48The Divisional Court found that it would be premature for it to entertain the application for judicial review for two reasons: (i) the final alignment of the collector road has not yet been determined; and (ii) there are no exceptional circumstances that would justify the court interfering with the ongoing administrative processes under the PA until those processes are complete. The Court noted that at the time, the secondary plan process was not yet underway.

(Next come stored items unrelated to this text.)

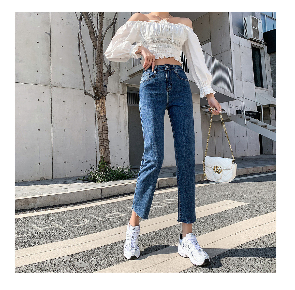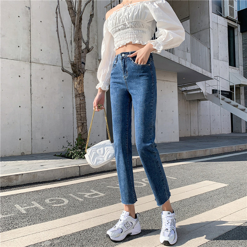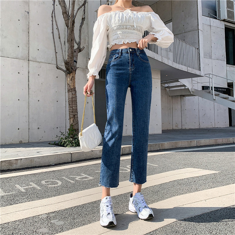 Синие прямые свободные джинсы, брендовые штаны, высокая талия, коллекция 2023, подходит для подростков, по фигуре, свободный крой
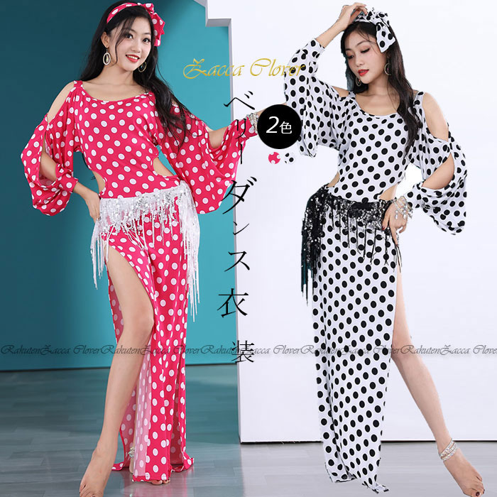 ベリーダンス衣装 ロング丈 ワンピース 水玉柄 おしゃれ ベリーダンス 衣装 髪飾りの紐 リボン付き ストレッチ素材 動きやすい ダンス レッスン着 インナーパンツ付き かわいい ダンス 舞台衣装 ス
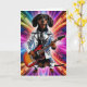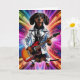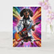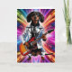En Dachshund i en glansig silver-apparat spelar gitarr med en psykodelisk bakgrund.
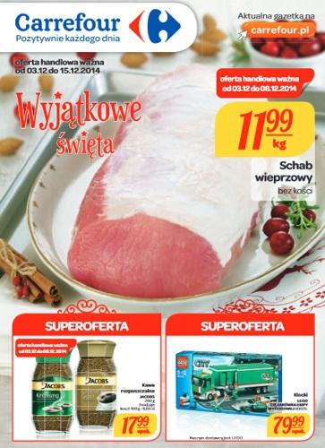 {loadposition linkCarrefour} Nowa gazetka promocyjna sieci handlowej Carrefour - "Wyjątkowe święta". Polecane promocje z gazetki Carrefour: Schab wieprzowy bez kości 1 kg - 11,99 zł. Kawa rozpuszczalna Jacobs 200 g - 17,99 zł. Klocki LEGO Ciężarówka ekipy wyścigowej -…
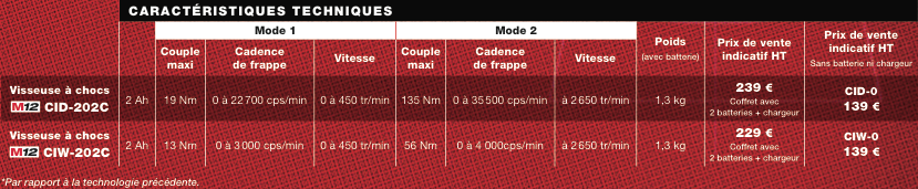 Légère, compacte et performante, la visseuse à chocs M12 CID-202C 12 V 2 Ah MILWAUKEE® propose 2 modes automatiques pour encore plus de polyvalence.
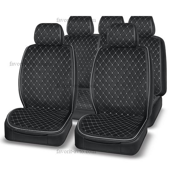 Накидка FOCUS AUTOPREMIER, комплект на весь салон 4 шт., чёрный, тёплый шёлк, декоративный ромб, 10 мм поролон, 1/5, FOC1000 |
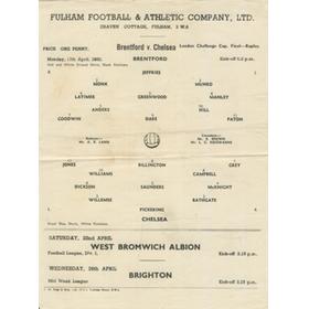 Official football programme for the match played at Stamford Bridge on April 20th 1946. Single folded sheet. Lightly creased with split to lower spine. Good condition.
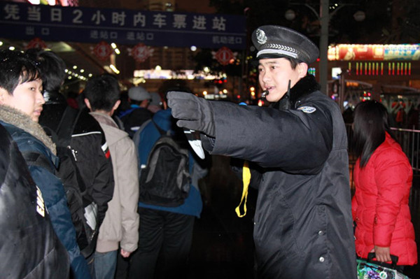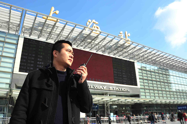周榮亮在維持旅客進站秩序
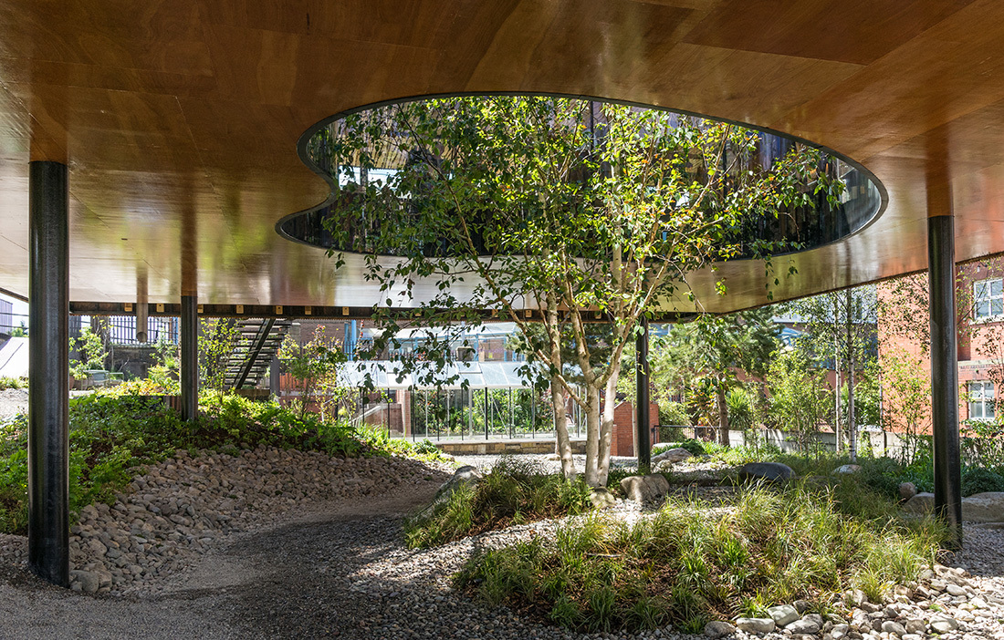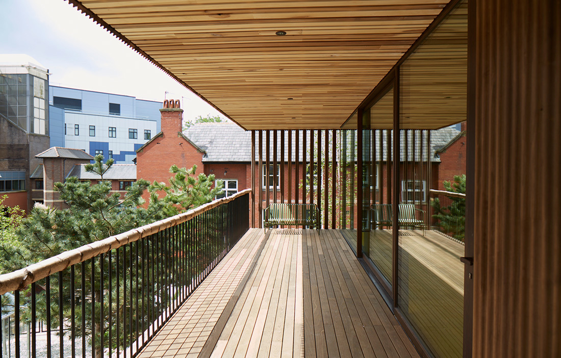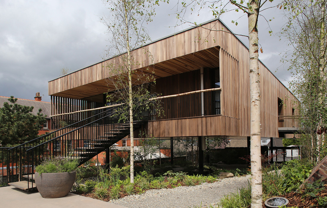 När DRMM med professor Alex de Rijke i spetsen skapade det senaste i raden av Maggie’s Centre i Oldham utanför Manchester var dessa bara några av de frågor som krävde speciell omsorg. Beslutet att använda trä kom delvis från byråns historik med att bygga med KL-trä. Storbritanniens första publika KL-träbyggnad, Kingsdaleskolan i London, ritades av DRMM. Sedan dess har de fortsatt och tillsammans med Arup och Züblin utvecklat KL-trä av lövträ, närmare bestämt tulpanträ. En annan orsak till att bygga med trä är att det inger hopp, humanitet och värme samt träets förmåga att binda koldioxid.
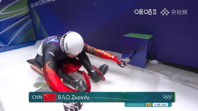 奥地利选手约纳斯・穆勒获得亚军,中国选手鲍振宇最终位列第24名,追平中国男子雪橇项目的冬奥会最好成绩。
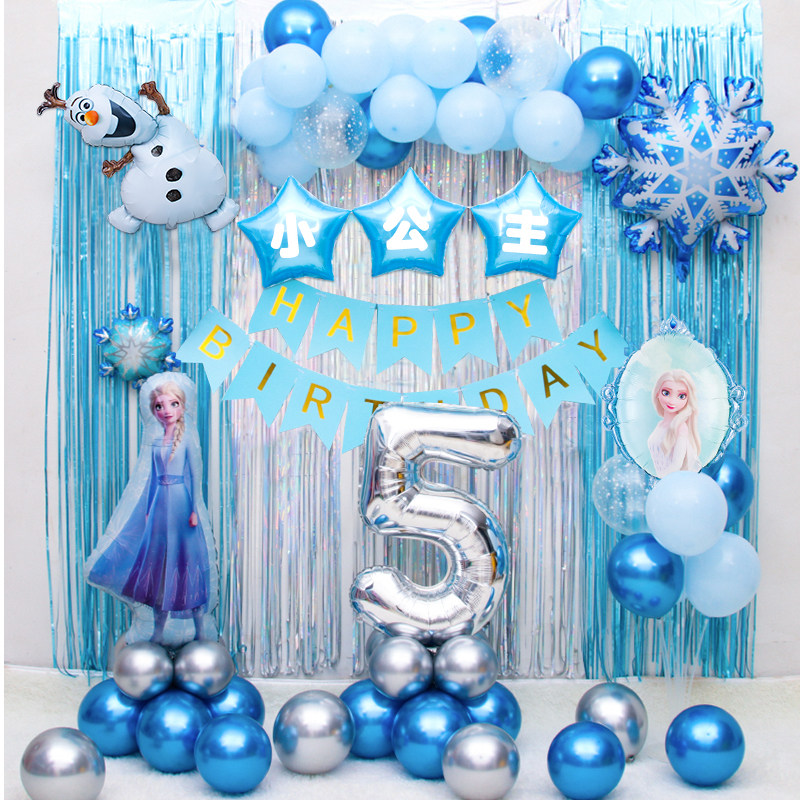 冰雪奇缘公主女孩儿童周岁生日气球套餐艾莎主题场景布置装饰背景

49The Tribunal’s powers allow it to control its proceedings and under the Ontario Land Tribunal Act, the Tribunal may, in respect of each proceeding before it, adopt any practices and procedures that offer the best opportunity for a fair, just, and expeditious resolution of the merits of the proceedings. This is reflected in Rule 22.3 of the Tribunal’s Rules of Practice and Procedure, which states that the Tribunal may establish and direct the procedure at a hearing in order to ensure the issues in dispute are disposed of in the most fair, just, expeditious, and cost-effective manner.
ORDER
50Accordingly, the Tribunal orders that the Motion is hereby dismissed.
“R.G.M. Makuch”
R.G.M. MAKUCH
VICE-CHAIR
Ontario Land Tribunal
Website: olt.gov.on.ca Telephone: 416-212-6349 Toll Free: 1-866-448-2248
The Conservation Review Board, the Environmental Review Tribunal, the Local Planning Appeal Tribunal and the Mining and Lands Tribunal are amalgamated and continued as the Ontario Land Tribunal (“Tribunal”). Any reference to the preceding tribunals or the former Ontario Municipal Board is deemed to be a reference to the Tribunal.